CONCEPT Cited by 1 source

Training checkpoint¶

Definition¶

A training checkpoint is a periodic dump of the full state required to resume a distributed training job after a failure: model weights, optimizer state (Adam m/v buffers), learning-rate-scheduler state, data-loader position, random-number-generator seeds, and (often) parallelism-aware partitioning metadata. Restoring from a checkpoint lets training resume at or near the last committed step rather than restarting from scratch.

Meta's 2024-06-12 GenAI infrastructure post names "efficient preservation of the training state" as one of four simultaneously-stressed properties at GPU-cluster scale:

"In the event of a failure, we need to be able to pick up where we left off. This means we need to regularly checkpoint our training state and efficiently store and retrieve training data." (Source: sources/2024-06-12-meta-how-meta-trains-large-language-models-at-scale)

Why it's a scaling problem, not just a feature¶

At small scale, checkpointing is a side task: dump the model occasionally, ignore most of the performance cost.
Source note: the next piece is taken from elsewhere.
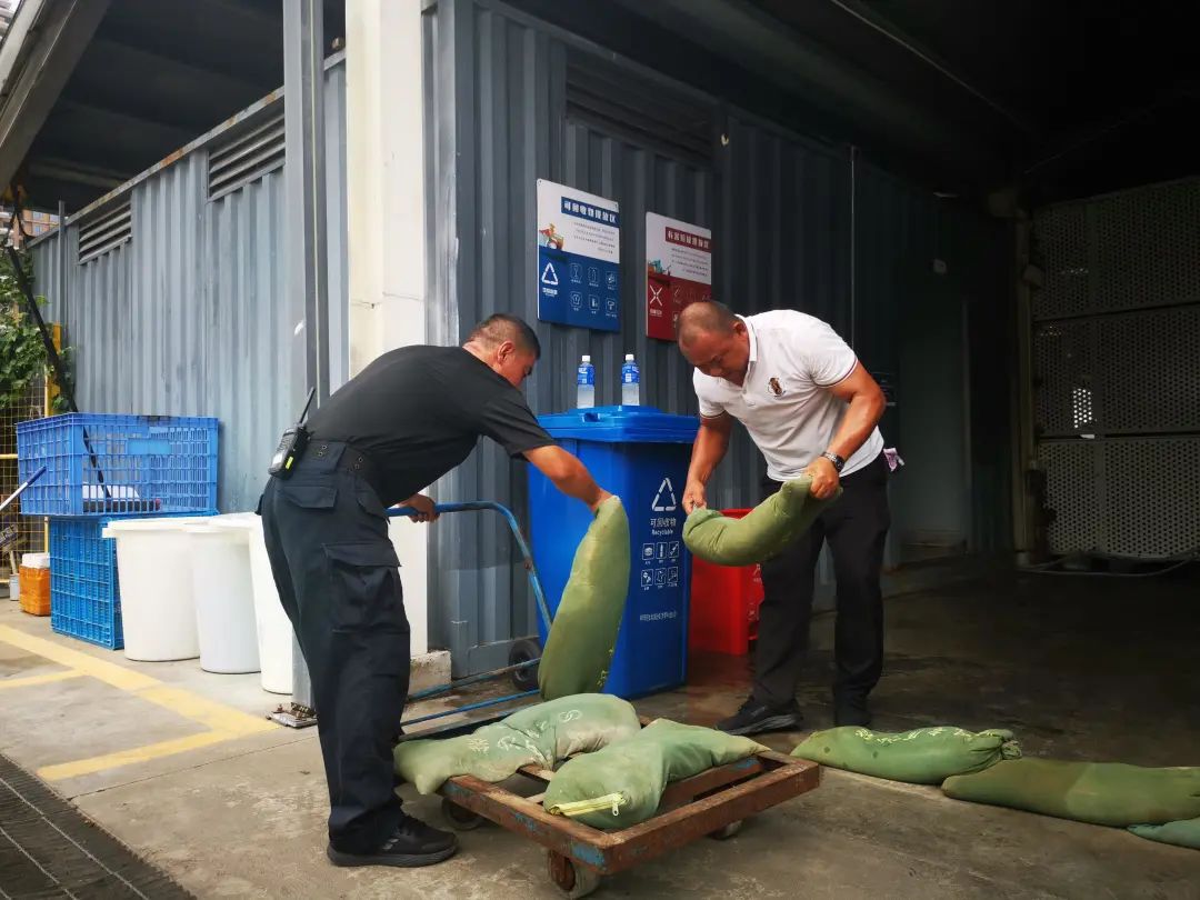 ▲對管轄區(qū)域內(nèi)的集裝箱、保安亭、空調(diào)主機等進行加固,綁緊門窗,堆放沙袋

At the GenAI scale Meta describes (24K GPUs), three things stop being true:

Failures are certain, not exceptional. More GPUs ⇒ more failures per unit time ⇒ MTTI shrinks below job-duration. Without frequent checkpoints, work is lost at a rate the cluster cannot afford.
Checkpoint size grows with parameter count and optimizer state. A 70B model in bf16 is ~140 GB of weights alone; full Adam optimizer state in fp32 is another ~560 GB. At 405B (Llama 3.1-class), those numbers quadruple-plus. Written naively, checkpointing would saturate both GPU→host PCIe and host→storage fabrics.
Checkpoint cadence becomes a throughput / recovery-time tradeoff. Too frequent → training throughput suffers from stop-the-world checkpoint cost. Too infrequent → a failure costs hours of recomputation.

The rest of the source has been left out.